About Me

Current

I am a data scientist / scientific programmer in the Neuroscience Department at the Icahn School of Medicine at Mount Sinai. I work on machine learning, AI, and high-performance scientific computing for medical imaging, molecular neurobiology, and automation of neuroscience experiments.

Previous

Previously I was a master’s student in the CUNY Graduate Center’s Department of Computer Science, I worked as a graduate research assistant in the Hunter College Distributed AI Lab, under the supervision of Professor Anita Raja, where I developed machine learning and data mining methods for clinical applications, with a focus on AI for sequential decision-making and machine learning tasks involving large amounts of missing data.

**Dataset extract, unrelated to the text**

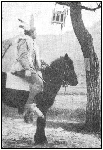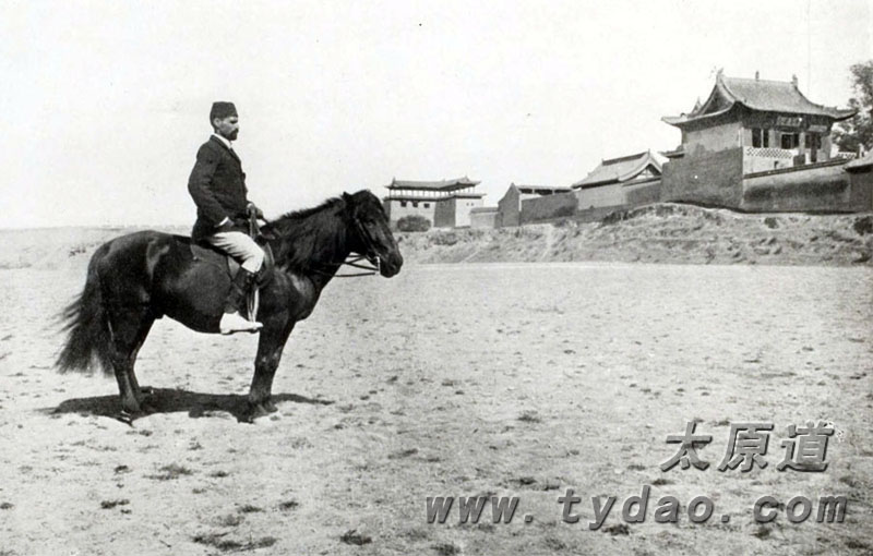 《穿越陕甘》一书中第一张出现的照片是克拉克考察队队员阿里的骑马照,以此来缅怀和纪念这位不幸遇害的测绘员 这张照片拍摄于太原,经老照片专家水锅锅确认,背景为小五台寺庙和太原府城东南角楼
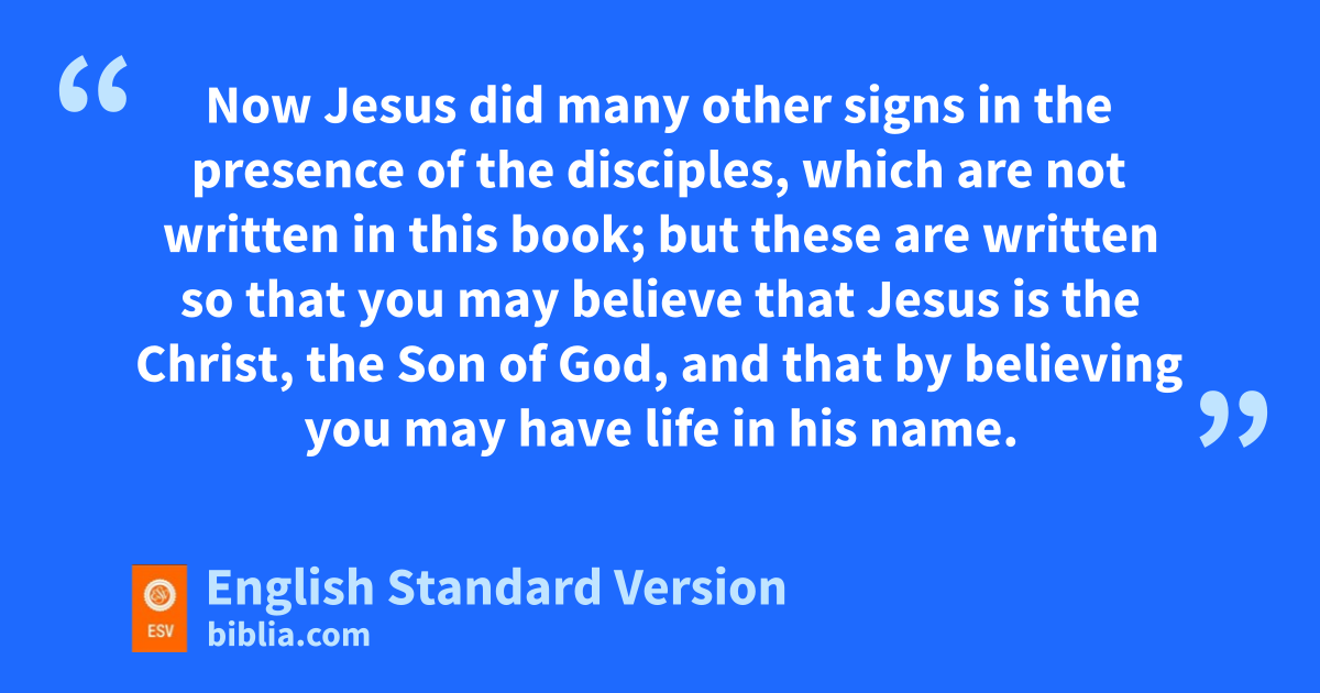 30 uNow Jesus did many other signs vin the presence of the disciples, which are not written in this book; 31 wbut these are written so that you may xbelieve that Jesus is the Christ, ythe Son of God, and that by believing zyou may have life ain his name.

During my time at CUNY, I also worked as a research data scientist intern at the Janssen Pharmaceutical Companies of Johnson & Johnson, where I developed machine learning and signal processing pipelines to identify digital biomarkers of sleep and activity in immunological disease populations via wearable activity monitors.

As an undergraduate at Stony Brook University, I majored in applied math & statistics and philosophy, with research focuses on formal methods in metaphilosophy, philosophy of physics, and mathematical logic. My undergraduate research in philosophy was supervised by Professor Gary Mar.

Personal

I am married to my my wife, Amy, who is a breathtakingly-talented fine artist. Check out her work on her portfolio site and Instagram.

Outside of computer science / engineering, I like to run long distances, read literature, sci-fi, and psychological thrillers, and attempt to stay up-to-date with a few branches of contemporary metaphilosophy and philosophy of mind.